The first paper rolls were used commercially by Welte & Sons in their orchestrions beginning in 1883. [4]
A rollography is a listing of piano rolls, especially made by a single performer, analogous to a discography. [5] [ full citation needed ]
The Musical Museum in Brentford, London, England houses one of the world's largest collections of piano rolls, with over 20,000 rolls as well as an extensive collection of instruments which may be seen and heard.
In the early years of player pianos, piano rolls were produced in varying dimensions and formats. Most rolls used one of three musical scales. The 65-note format, with a playing range of A1 to C♯7, was introduced in 1896 in the United States, specifically for piano music. In 1900, an American format playing all 88 notes of the standard piano scale (A0 to C8) was introduced. In 1902, a German 72-note scale (F1, G1 to E7) was introduced.
On December 10, 1908, a group representing most of the largest U.S. manufacturers of player pianos gathered in Buffalo, New York, to try to agree on some standards. [6] The group settled on a width of 11+1⁄4 inches (286 mm) and perforation standards for 65-note rolls of 6 holes to the inch, and for 88-note rolls of 9 holes to the inch. That left margins at both ends for future developments. Any pianos built to those standards could play rolls made to them, albeit sometimes with a loss of special functionality. The formats became a loose world standard.

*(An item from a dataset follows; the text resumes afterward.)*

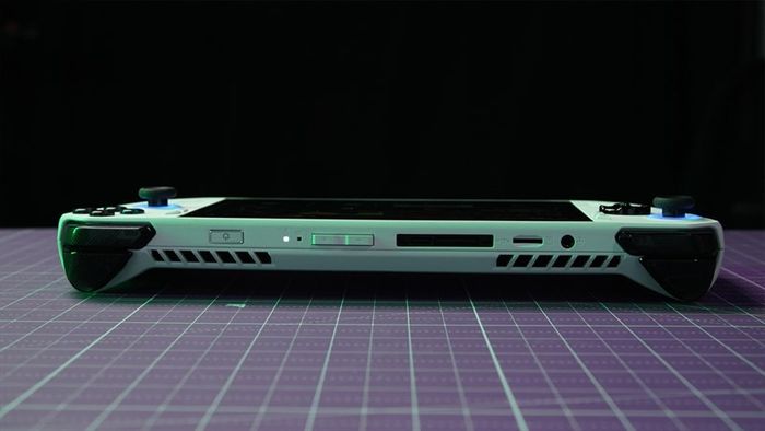 Phần trên của ASUS ROG Ally có các phím chức năng như LB, LT, RB, RT ở hai góc, cùng với cổng âm thanh 3.5 mm, khe thẻ nhớ micro SD, cổng sạc, kết nối với eGPU XG Mobile, phím tăng/giảm âm lượng, nút nguồn có cảm biến vân tay và hai khe tản nhiệt.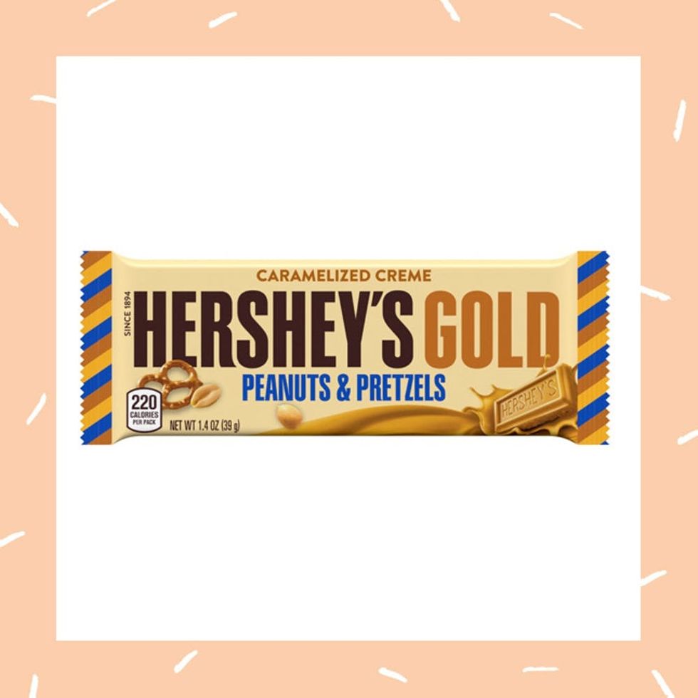 Unlike the chocolatier’s normal cocoa-based classics, Hershey’s Gold is comprised of a classic glazed Krispy Kreme donut that’s topped with salted caramel icing before being sprinkled with Hershey’s latest candy creation, the Gold bar, which doesn’t contain any *actual* chocolate — instead, it boasts a “caramelized creme,” laced with peanuts and pretzels (AKA sweet and salty perfection).

Metronomic or arranged rolls are rolls produced by positioning the music slots without real-time input from a performing musician. The music, when played back, is typically purely metronomical. Metronomically arranged music rolls are deliberately left metronomic so as to enable a player-pianist to create their own musical performance (such as varying the dynamics, tempo, and phrasing) via the hand controls that are a feature of all player pianos.
Hand played rolls are created by capturing in real time the hand-played performance of one or more pianists upon a piano connected to a recording machine. The production roll reproduced the real-time performance of the original recording when played back at a constant speed. (It became industry convention for recordings of music intended to be used for dancing to be regularized into strict tempo despite the original performance having the slight tempo fluctuations of all human performances, as due to the recording and production process, any fluctuations would be magnified/exaggerated in the finished production copy and result in an uneven rhythm.)
Reproducing rolls are the same as hand-played rolls but have additional control codes to operate the dynamic modifying systems specific to whichever brand of reproducing piano it is designed to be played back on, producing an approximation of the original recording pianist's dynamics. Reproducing pianos were beyond the reach of the average home in the original era of popularity of these instruments and were heavily marketed as reproducing the 'soul' of the performer – slogans such as "The Master's Fingers On Your Piano" or "Paderewski will play for you in your own house!" were common.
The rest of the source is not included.